If you would like to see the code and its output step-by-step, please check out appendices/opencv-cropping.ipynb and appendices/fill-axe-outlines.ipynb. There is potential for this method to be repurposed to split other images containing more than one shape into multiple images. In addition, if you are planning to use Momocs, this workflow can be repurposed to create silhouettes from other shapes, and also serves as a reproducible way to create them, which is novel.

The data 💾

Extraction stage produces micropasts-neoaxes1.csv, which has had some data changed from the original record sheets due to discrepancies noticed in the raw data collection; and outlines.Rds, which is an R object created from importing the filled front images into Momocs and converting them into the data type supported by that package. The latter was performed outside of the R Markdown analysis file as it was rather computationally intensive and inhibited fast knitting. In addition to provenance information, National Grid Reference, micropasts-neoaxes1.csv has 56 columns relating to different axe measurements such as weight, maximum thickness, length of poll edge, blade angle and so on, which are abbreviated; please see the list of abbreviations in Dissertation.pdf if interested in some clarity on these.

The analysis 📈

Both micropasts-neoaxes1.csv and outlines.Rds were subjected to comparable multivariate analyses to reveal groups in the axe data and drawings, resulting in some pretty graphs and graphics ✨

The MicroPasts record sheet data was preliminarily explored using univariate density and violin plots, after which principal components analysis (PCA) and k-means clustering were used to reveal potential groups of axes which may exist based on size. To explore which measurements were deciding membership of which cluster, densities of the resulting clusters were plotted, in addition to the clusters being plotted onto the PCA. This half of the analysis used factoextra and ggplot to generate the plots.

The axe outlines were further inspected for erroneous shapes caused by any flaws in the image processing step (more on this below), then harmonic power and contribution plots were used to determine how many harmonics would be appropriate to use for elliptical Fourier transform. Once all outlines had been converted into lists of four Fourier coefficients, they could then be analysed using PCA and k-means.

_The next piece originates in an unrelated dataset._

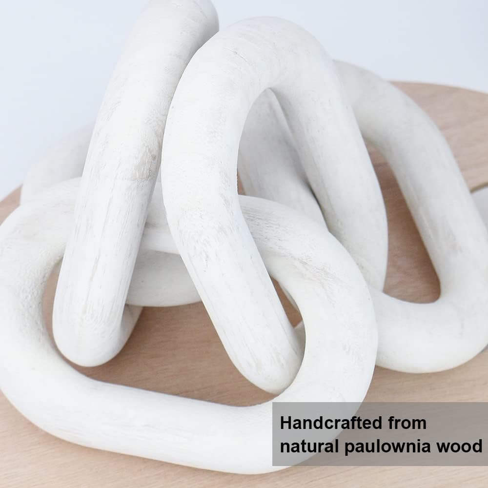 HOMEGG Wood Chain Link Decor, Hand Carved Wooden 5-Link Chain, Modern Farmhouse Boho Decor for Bookshelf, Living Room, Bedroom, Entryway (White)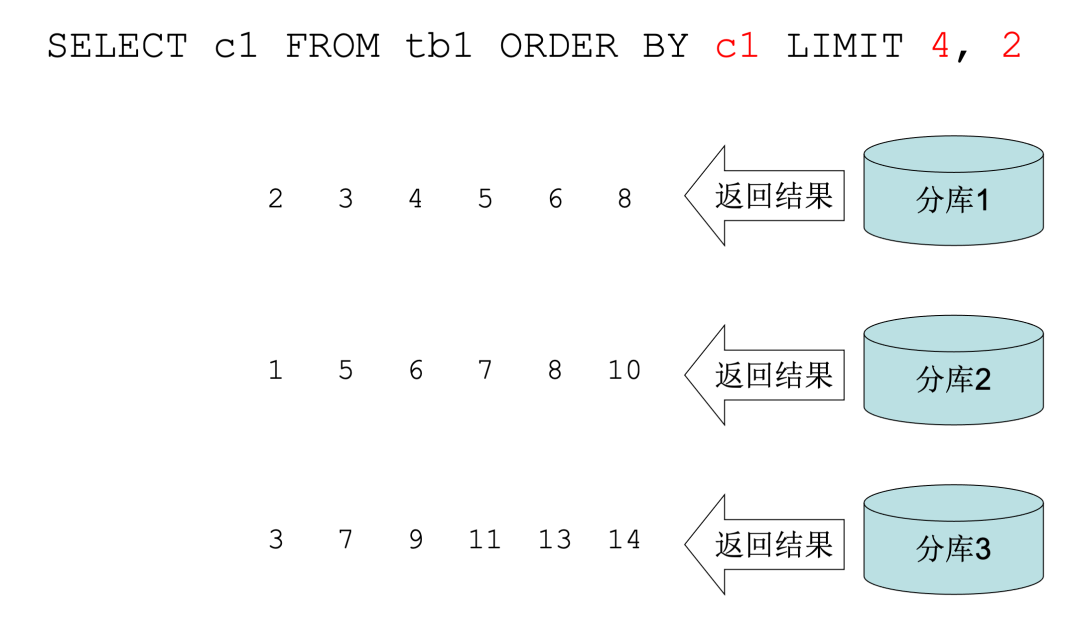 如果我们要查询 tb1 表的 c1 字段,且取 c1 正序的下标(从0开始)为4、5的数据。假设分了三个库,我们为了取到正确数据,需要去这三个分库都取下标0-5的数据,假设取到如下数据:

All plots and graphics in this section were generated using the Momocs package.

Finally, the k-means clusters resulting from both halves of the analysis were plotted onto maps of Britain using the National Grid References of the axes in each cluster. ggmap and ggplot were used for this.

What else can be done with this code and data?

As mentioned above, the image processing step to extract the axe silhouettes from the original drawings is not perfect, and resulted in 688 incorrect shapes out of 1825. The method for this can definitely be improved, for example by increasing the size of the bounding boxes around the shapes so that some outlines are not truncated. I will be working to improve this so that more data can be extracted from the drawings dataset in the coming months.

A second point is that there are 626 silhouettes which have not been checked due to time constraints for submission of this work. These could potentially have successful silhouettes within them, so checking through these would provide more opportunity for further enlarging the outlines dataset.

Finally, as is also mentioned above, the workflow for processing the binary silhouettes has the potential to be repurposed for other shapes, so please feel free to use this to create your own silhouettes for outline morphometric analysis using Momocs.

References

Pitts, M. (1996). The stone axe in Neolithic Britain. Proceedings of the Prehistoric Society, 62, pp.311–371.